_Work request:_
Everything in the records below from the line containing "ALAZA 絵画 ゴッホ" through the line containing "f/4S | $3296.95 | $700 | $2596.95 |" is to be reproduced exactly, those two lines included; no picture is to be copied.

_Stored data:_
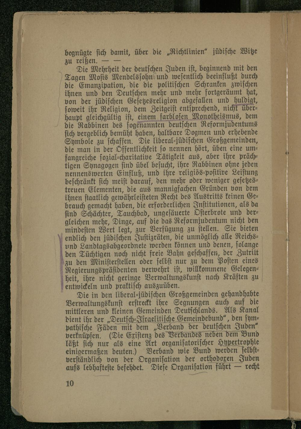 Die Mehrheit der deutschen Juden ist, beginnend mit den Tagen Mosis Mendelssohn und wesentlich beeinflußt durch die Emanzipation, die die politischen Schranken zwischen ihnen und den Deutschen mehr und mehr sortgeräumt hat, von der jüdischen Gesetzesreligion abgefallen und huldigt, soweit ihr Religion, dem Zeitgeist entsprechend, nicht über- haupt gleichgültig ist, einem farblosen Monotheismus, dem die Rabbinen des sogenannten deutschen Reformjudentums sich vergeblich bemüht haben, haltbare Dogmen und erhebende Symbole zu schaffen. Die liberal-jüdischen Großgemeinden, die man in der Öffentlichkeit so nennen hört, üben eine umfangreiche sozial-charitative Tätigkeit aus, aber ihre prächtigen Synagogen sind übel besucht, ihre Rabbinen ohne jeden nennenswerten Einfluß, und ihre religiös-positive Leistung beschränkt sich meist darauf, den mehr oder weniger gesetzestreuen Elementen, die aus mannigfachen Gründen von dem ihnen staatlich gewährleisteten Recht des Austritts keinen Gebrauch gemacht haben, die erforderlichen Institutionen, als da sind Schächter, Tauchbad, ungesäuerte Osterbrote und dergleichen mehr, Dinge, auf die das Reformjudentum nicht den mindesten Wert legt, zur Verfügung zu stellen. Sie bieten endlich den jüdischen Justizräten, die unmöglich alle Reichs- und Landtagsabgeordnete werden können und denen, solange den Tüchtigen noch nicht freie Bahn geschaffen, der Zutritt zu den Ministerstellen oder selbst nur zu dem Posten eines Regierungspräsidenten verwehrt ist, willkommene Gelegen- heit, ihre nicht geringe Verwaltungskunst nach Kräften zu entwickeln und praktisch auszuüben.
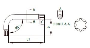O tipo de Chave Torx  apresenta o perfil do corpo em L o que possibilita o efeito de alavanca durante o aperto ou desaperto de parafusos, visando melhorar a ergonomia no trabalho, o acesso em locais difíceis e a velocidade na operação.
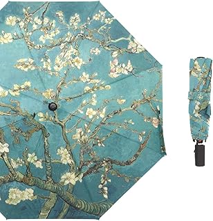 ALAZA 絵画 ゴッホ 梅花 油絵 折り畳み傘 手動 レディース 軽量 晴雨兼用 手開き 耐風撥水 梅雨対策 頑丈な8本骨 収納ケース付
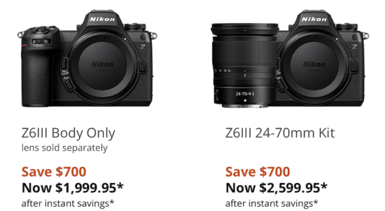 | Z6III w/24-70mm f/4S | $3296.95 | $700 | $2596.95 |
* * *
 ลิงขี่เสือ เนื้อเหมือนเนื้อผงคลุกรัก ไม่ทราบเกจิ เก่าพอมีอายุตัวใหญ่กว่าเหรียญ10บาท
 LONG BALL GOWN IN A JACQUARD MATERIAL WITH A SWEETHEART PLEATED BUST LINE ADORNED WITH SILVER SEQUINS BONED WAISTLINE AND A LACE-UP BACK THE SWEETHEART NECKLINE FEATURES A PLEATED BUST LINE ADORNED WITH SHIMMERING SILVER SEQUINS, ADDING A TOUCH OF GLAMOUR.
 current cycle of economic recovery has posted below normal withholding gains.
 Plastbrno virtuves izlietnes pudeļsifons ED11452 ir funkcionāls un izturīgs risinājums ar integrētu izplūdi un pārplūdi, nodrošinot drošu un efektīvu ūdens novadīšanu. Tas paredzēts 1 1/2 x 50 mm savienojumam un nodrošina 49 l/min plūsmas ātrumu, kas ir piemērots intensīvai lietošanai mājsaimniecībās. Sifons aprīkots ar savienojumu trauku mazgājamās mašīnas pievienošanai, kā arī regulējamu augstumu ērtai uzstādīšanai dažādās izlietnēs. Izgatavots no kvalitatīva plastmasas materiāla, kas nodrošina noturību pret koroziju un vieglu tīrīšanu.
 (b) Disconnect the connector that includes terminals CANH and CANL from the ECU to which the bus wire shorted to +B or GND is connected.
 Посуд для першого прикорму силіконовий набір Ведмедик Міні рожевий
---
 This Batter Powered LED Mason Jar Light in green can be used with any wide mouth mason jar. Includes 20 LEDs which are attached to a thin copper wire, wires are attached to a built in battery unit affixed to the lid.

_Solution for this problem:_
 ALAZA 絵画 ゴッホ 梅花 油絵 折り畳み傘 手動 レディース 軽量 晴雨兼用 手開き 耐風撥水 梅雨対策 頑丈な8本骨 収納ケース付
 | Z6III w/24-70mm f/4S | $3296.95 | $700 | $2596.95 |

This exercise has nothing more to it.